Data supplied ::
********************

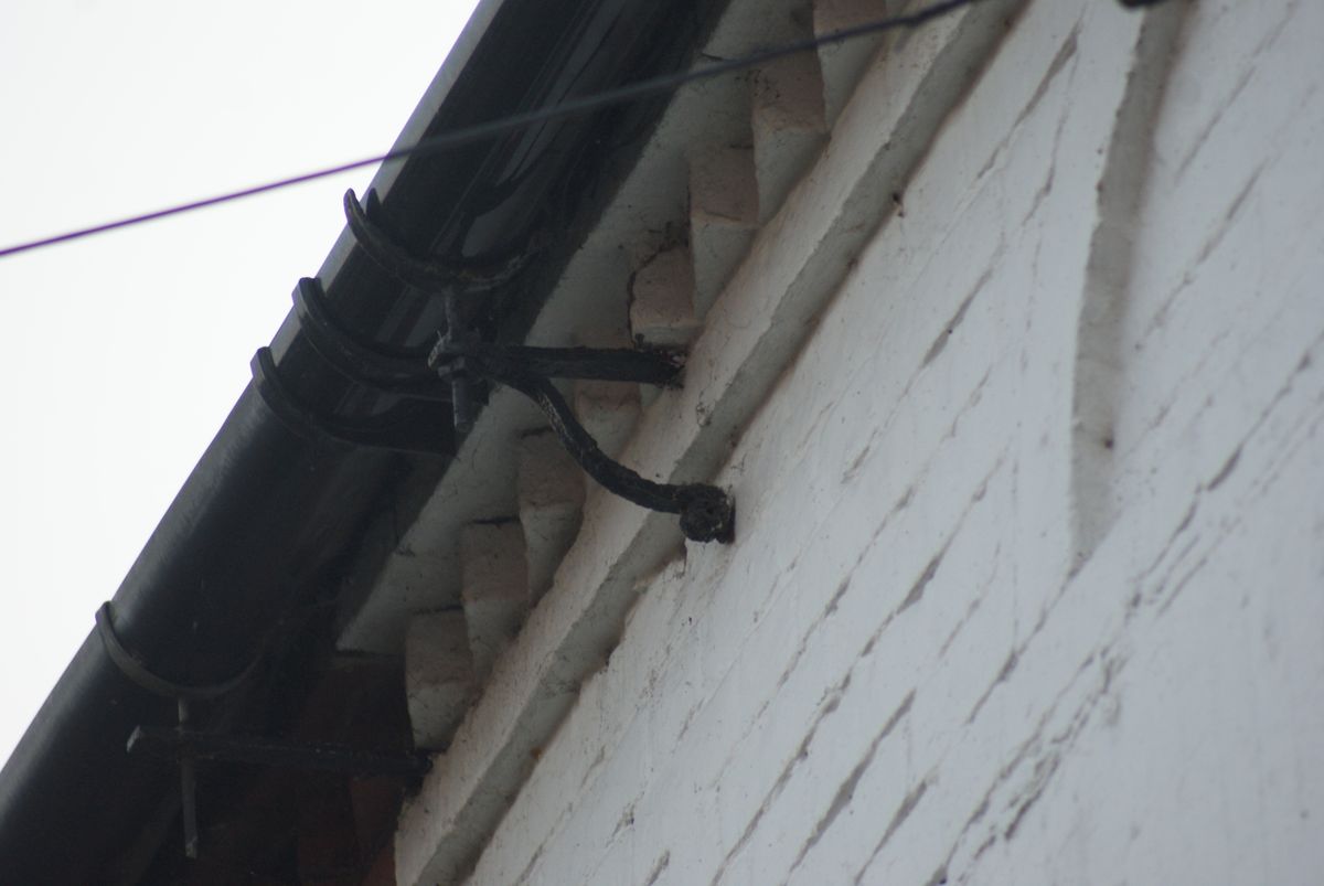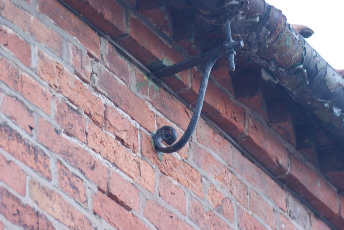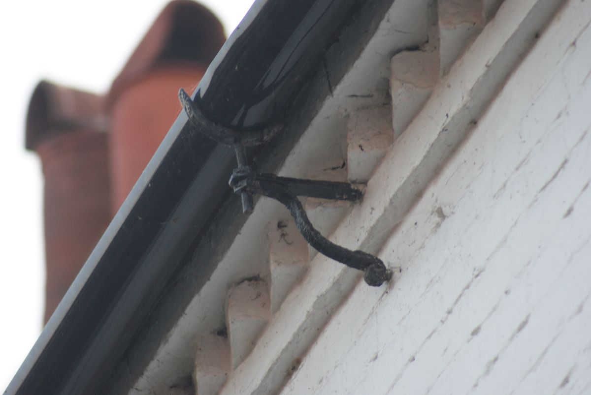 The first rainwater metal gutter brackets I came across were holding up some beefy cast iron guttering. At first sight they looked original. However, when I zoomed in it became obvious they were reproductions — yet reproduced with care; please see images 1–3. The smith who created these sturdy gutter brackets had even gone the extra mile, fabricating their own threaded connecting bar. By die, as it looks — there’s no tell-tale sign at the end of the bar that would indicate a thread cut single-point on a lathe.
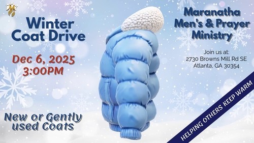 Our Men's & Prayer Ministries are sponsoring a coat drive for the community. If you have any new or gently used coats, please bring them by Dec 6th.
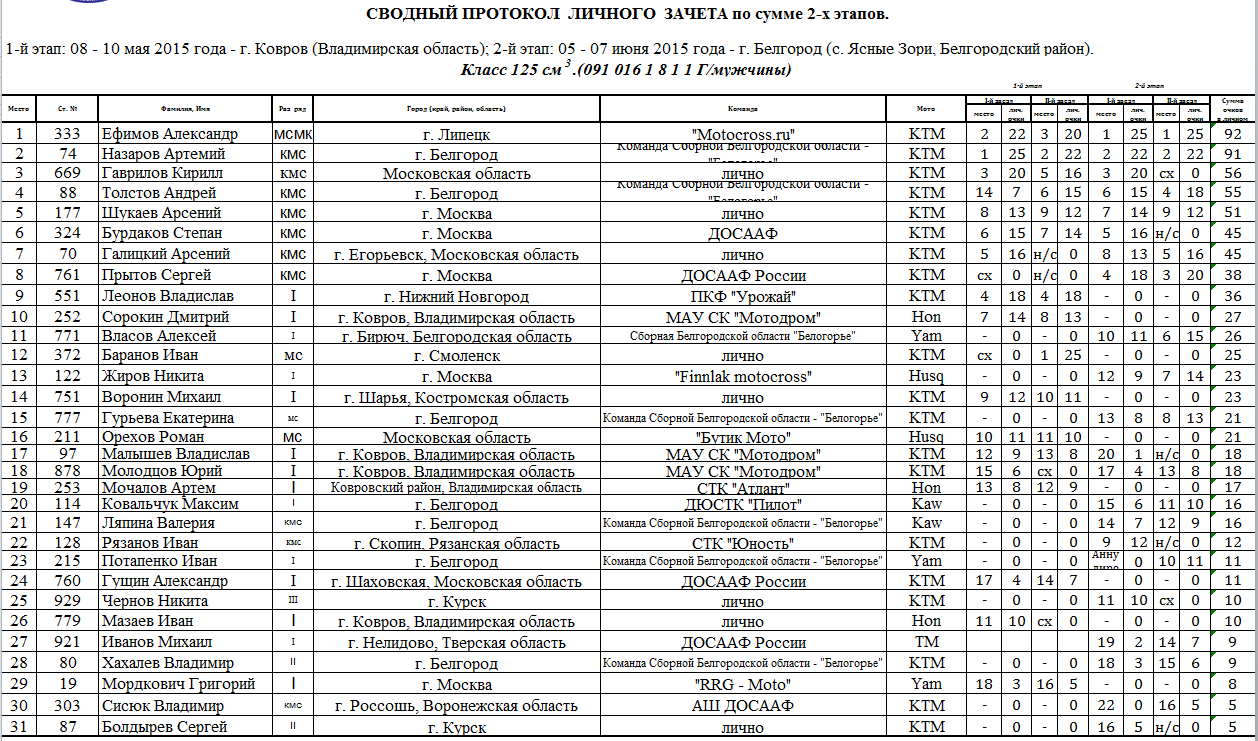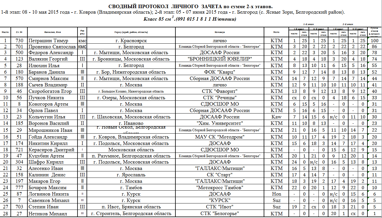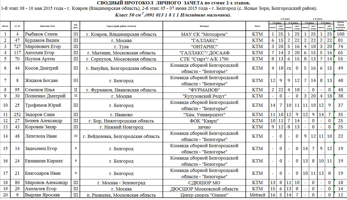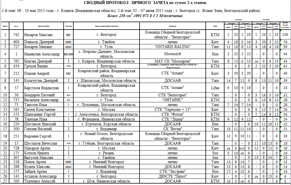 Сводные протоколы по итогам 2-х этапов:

********************

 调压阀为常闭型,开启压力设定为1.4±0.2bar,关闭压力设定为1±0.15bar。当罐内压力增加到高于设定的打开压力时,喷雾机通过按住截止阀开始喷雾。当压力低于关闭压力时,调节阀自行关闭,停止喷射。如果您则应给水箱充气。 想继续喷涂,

********************

Task item :: From the records above, copy exactly the lines starting at the one with "The first rainwater" and ending at the one with "Сводные протоколы по", and no others. Pictures stay out.

Solution to this task ::
 The first rainwater metal gutter brackets I came across were holding up some beefy cast iron guttering. At first sight they looked original. However, when I zoomed in it became obvious they were reproductions — yet reproduced with care; please see images 1–3. The smith who created these sturdy gutter brackets had even gone the extra mile, fabricating their own threaded connecting bar. By die, as it looks — there’s no tell-tale sign at the end of the bar that would indicate a thread cut single-point on a lathe.
 Our Men's & Prayer Ministries are sponsoring a coat drive for the community. If you have any new or gently used coats, please bring them by Dec 6th.
 Сводные протоколы по итогам 2-х этапов:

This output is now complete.